Palo Alto Networks (NYSE: PANW) reported a wider loss in the second quarter of 2020 due to an increase in costs and expenses. The bottom line exceeded analysts’ expectations while the top line missed consensus estimates. Further, the company guided third-quarter revenue and earnings below the street’s view.
Net loss widened to $73.7 million from $2.6 million in the previous year quarter. Adjusted earnings decreased by 21% to $1.19 per share. Revenue jumped by 15% to $816.7 million. The consensus estimates EPS of $1.12 on revenue of $843.26 million for the second quarter.
The overall results showed many signs of positive momentum, notably billings for next-generation security offerings continued to perform very well.

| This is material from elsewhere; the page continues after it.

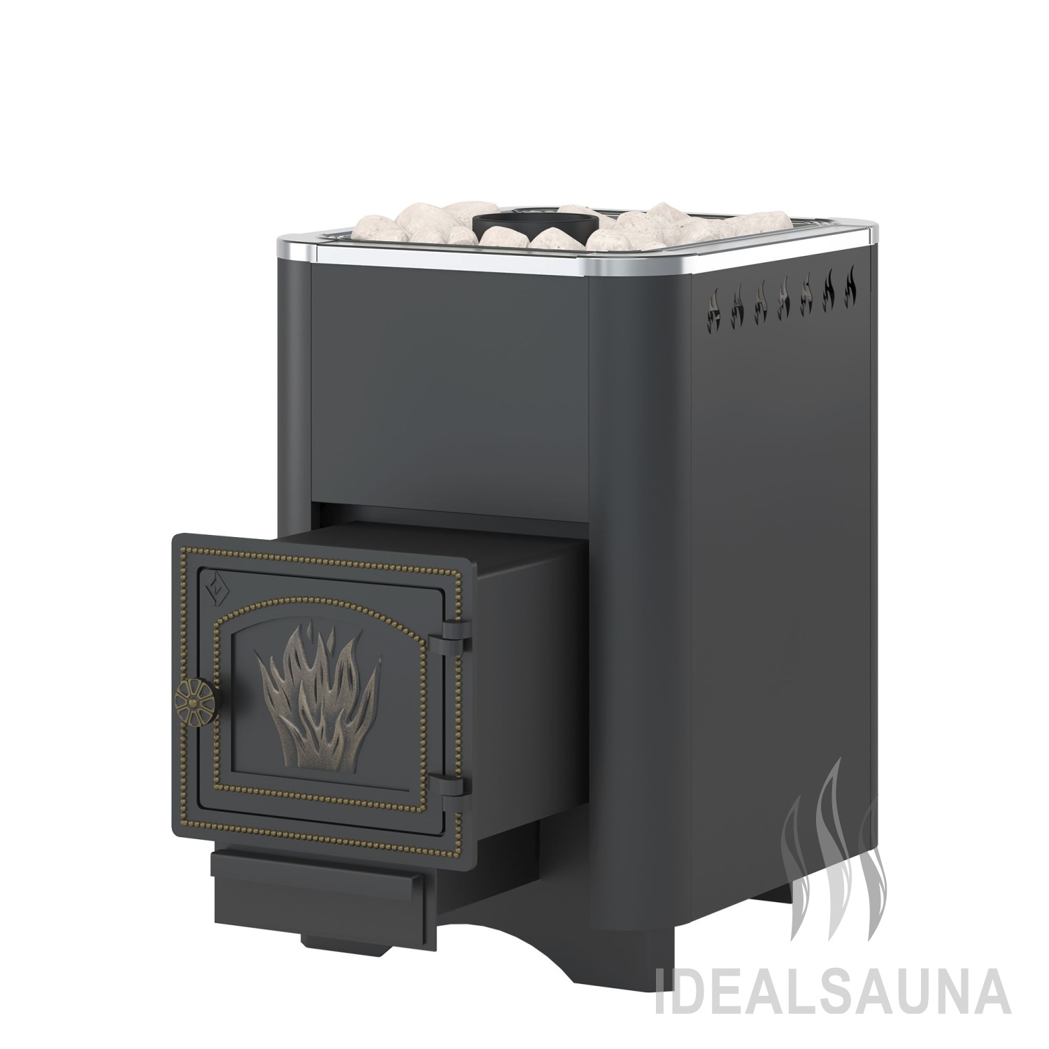 Стальной кожух печи зафиксирован на корпусе, для улучшения конвекции оснащён прорезными отверстиями в верхней части. Внутренние вырезы обеспечивают попадание холодного воздуха к камням, наружные – нагрев воздуха в парной.

The top line was below the company’s forecast as a result of the continued impact of sales incentives related to next-generation security products from the prior fiscal year.
Looking ahead into the third quarter, the company expects billings to grow by 19-22% to the range of $0.98-1.0 billion, and revenue to increase by 15-17% to $835-850 million. Adjusted earnings are anticipated to be $0.96-0.98 per share. Analysts expect EPS of $1.25 on revenue of $873.02 million for the third quarter.
For fiscal 2020, Palo Alto now predicts billings to grow by 17-18% to the range of $4.075-4.125 billion and revenue to rise by 16-17% to the range of $3.35-3.39 billion. Adjusted earnings are anticipated to be in the range of $4.55-4.65 per share. The consensus estimates EPS of $4.96 on revenue of $3.47 billion for fiscal 2020.
The board of directors authorized the company to enter into a $1 billion accelerated share repurchase transaction. The company plans to enter into an ASR transaction with a financial institution during its fiscal third-quarter 2020. This is in addition to its $1 billion share repurchase program that was announced in February 2019. As of January 31, 2020, $801.9 million remained available for future share repurchases under this program.
For the second quarter, the top-line growth continues to reflect the increased adoption of its hybrid software-as-a-service (SaaS) revenue model, which consists of products, subscriptions, and support. The company believes this model will enable it to benefit from recurring revenue as it continues to grow installed end-customer base.
The company believes that the growth of its business and short-term and long-term success are dependent on many factors, including its ability to extend technology leadership, growing base of end-customers, expand deployment of platforms and support offerings within existing end-customers, and focus on end-customer satisfaction.